C3′-Deoxygenation of Paromamine Catalyzed by a Radical S-Adenosylmethionine Enzyme: Characterization of the Enzyme AprD4 and Its Reductase Partner AprD3

C3′‐deoxygenation of aminoglycosides results in their decreased susceptibility to phosphorylation thereby increasing their efficacy as antibiotics. However, the biosynthetic mechanism of C3′‐deoxygenation is unknown. To address this issue, aprD4 and aprD3 genes from the apramycin gene cluster in Streptomyces tenebrarius were expressed in E. coli and the resulting gene products were characterized in vitro. AprD4 is shown to be a radical S‐adenosylmethionine (SAM) enzyme, catalyzing homolysis of SAM to 5′‐deoxyadenosine (5′‐dAdo) in the presence of paromamine. [4′‐2H]‐Paromamine was prepared and used to show that its C4′‐H is transferred to 5′‐dAdo by AprD4, during which the substrate is dehydrated to a product consistent with 4′‐oxolividamine.

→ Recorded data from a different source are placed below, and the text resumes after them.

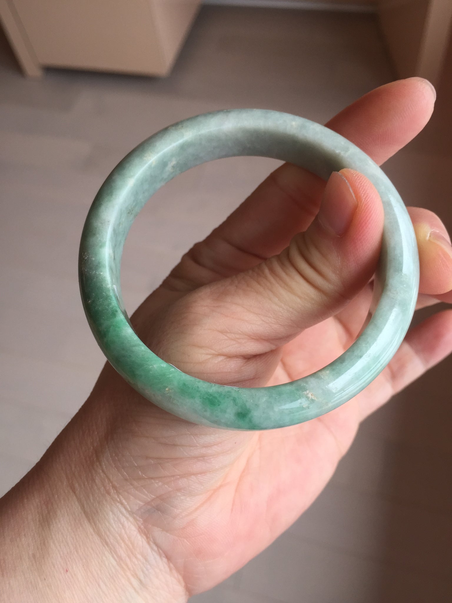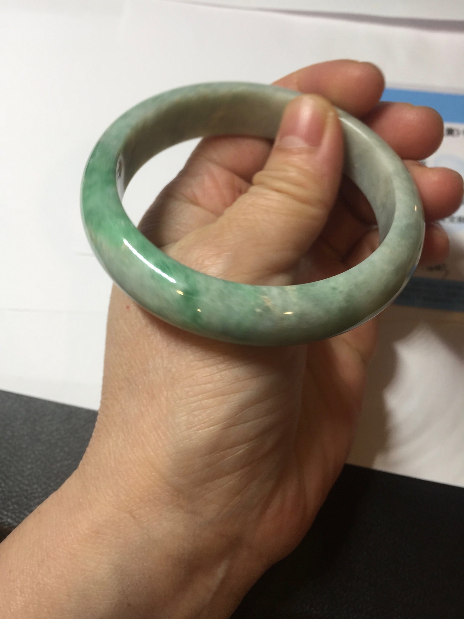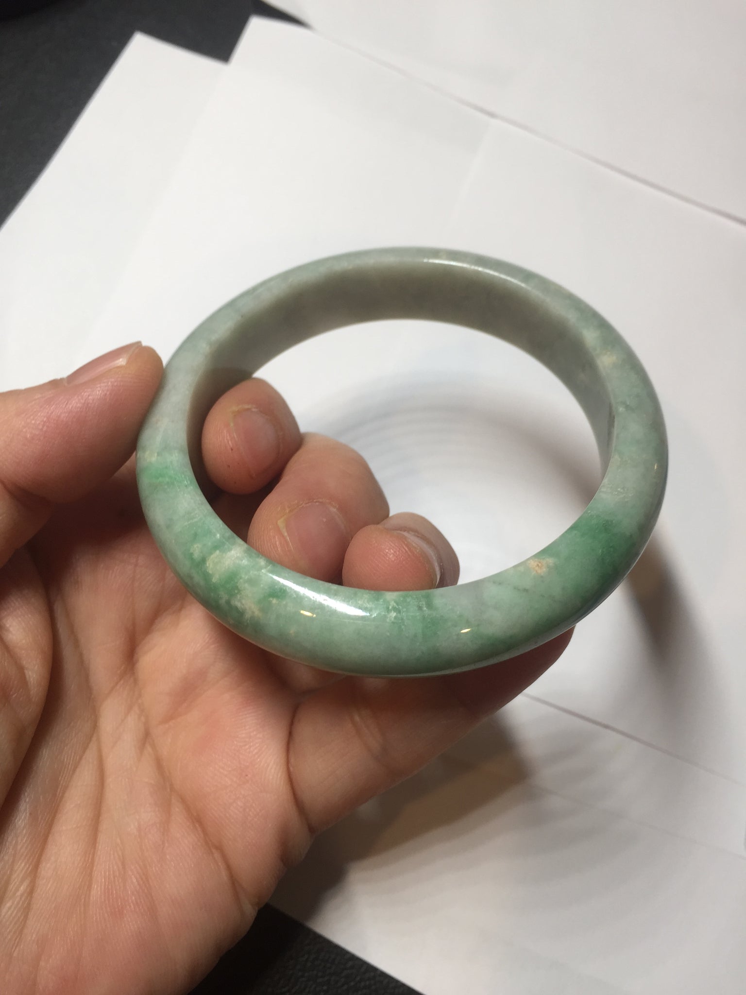 Imperfections: No crack. No hairline. Some rough surfaces and small mine pits. The bangle is solid. Some cotton spots, lines, and areas. Not transparent. Not watery.
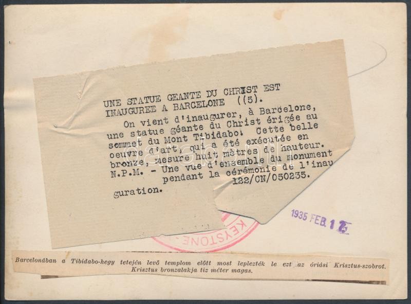 1935 Barcelona, A Krisztus-szobor leleplezése a Tibidabo-hegyen, sajtó... https://www.darabanth.com/de/216-Fernauktion/216.0/Andere-Sammelgebiete/Foto~400056/1935-Barcelona-A-Krisztus-szobor-leleplezese-a-Tibidabo-hegyen-sajtofoto-feliratozva-18x13-cm~II908811
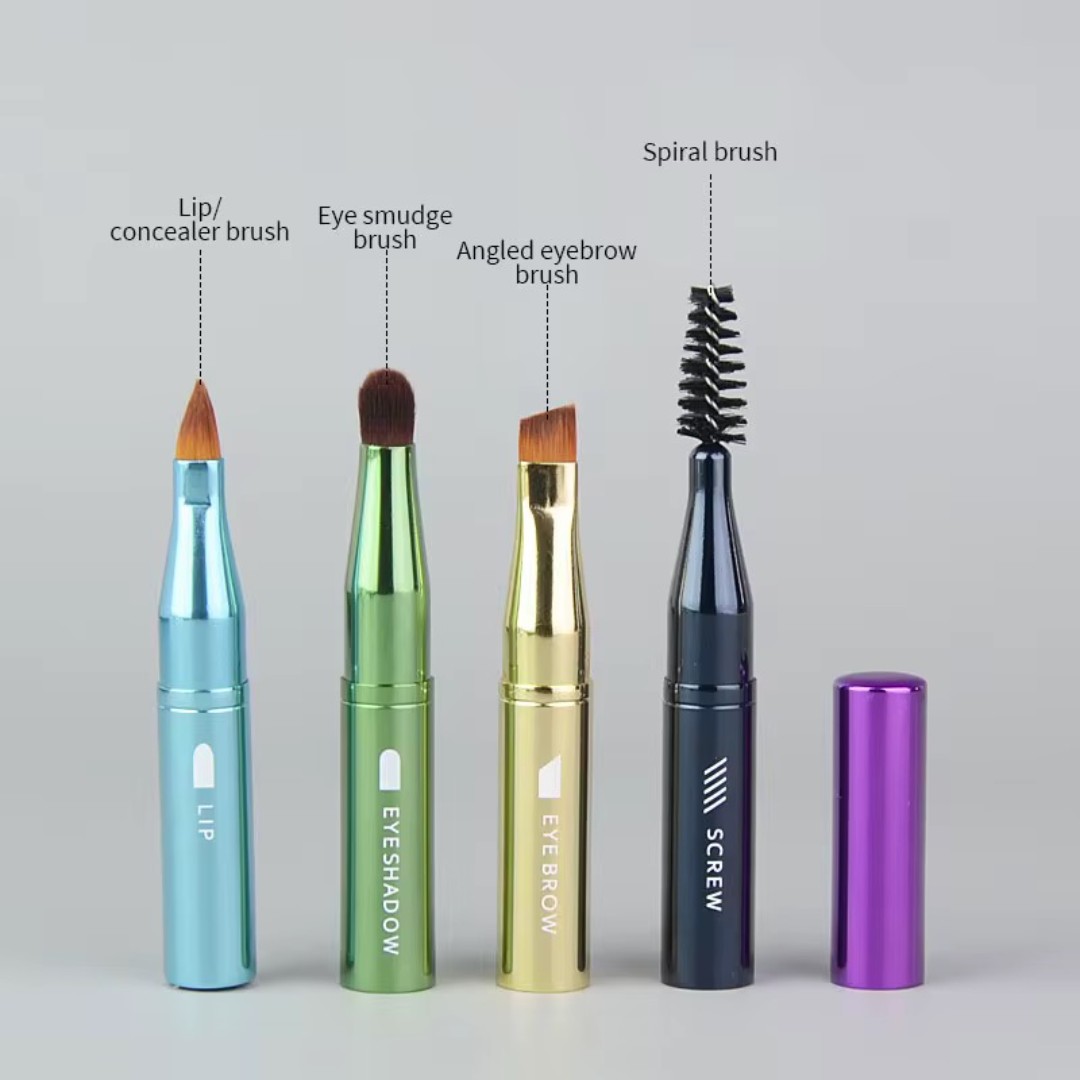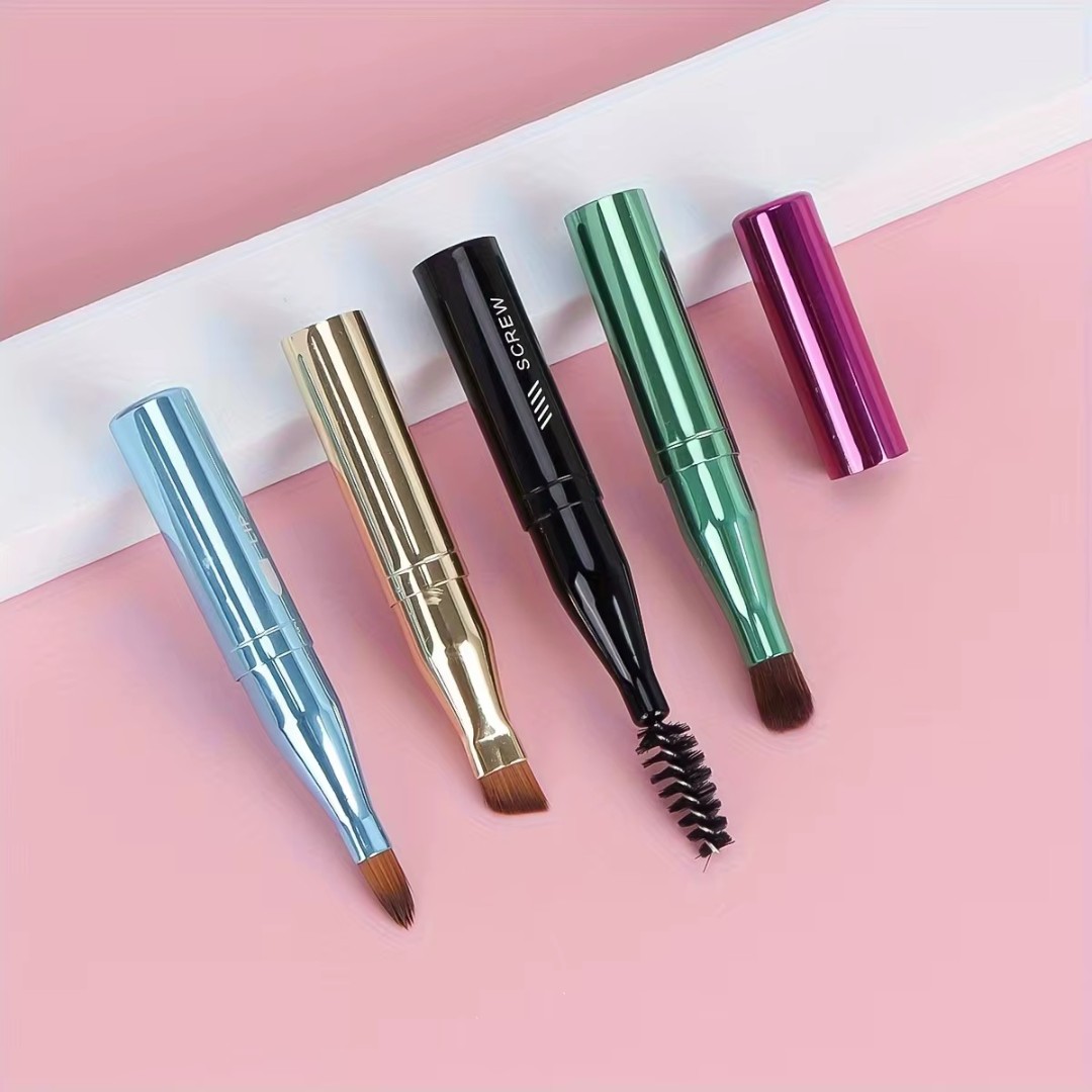 Four-in-One Multifunction Design: Combines lip brush, eyeshadow brush, angled eyebrow brush, and spiral mascara brush in one compact tool for complete eye and lip makeup.
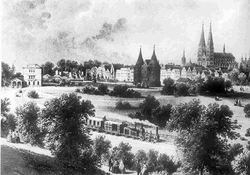 1851 föhr de eerst Iesenbahn vun Lübeck na Büchen.
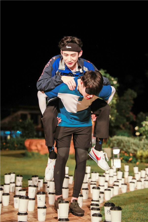 在終極大戰中,為了獲取有力線索,白敬亭、魏大勛搭檔挑戰“紙杯陣”。魏大勛蒙上雙眼,背著白敬亭走過由紙杯擺成的迷宮,一旦踢倒紙杯,就要吃掉相應的食物:不僅有美味的東南亞水果,還有洋蔥、榴蓮等重口味食物來襲!二人上演“勛花移山”,白敬亭吐槽好兄弟:“你可不可以別把我背太高了!”移動過程中,白敬亭耐心指導魏大勛移動,實力演繹“你是我的眼”,“山花組合”默契十足!

In contrast, paromamine is reduced to a deoxy product when incubated with AprD4/AprD3/NADPH. These results show that AprD4 is the first radical SAM diol‐dehydratase and, along with AprD3, is responsible for 3′‐deoxygenation in aminoglycoside biosynthesis. Enzymes in action: C3′‐deoxygenation of paromamine is catalyzed by two enzymes, a radical S‐adenosylmethionine (SAM) enzyme AprD4 and a NAD(P)H‐dependent dehydrogenase AprD3. AprD4 catalyzes dehydration of the 3,4‐dihydroxy moiety of paromamine and AprD3 reduces the nascent keto intermediate to complete the C3′‐deoxygenation to form lividamine.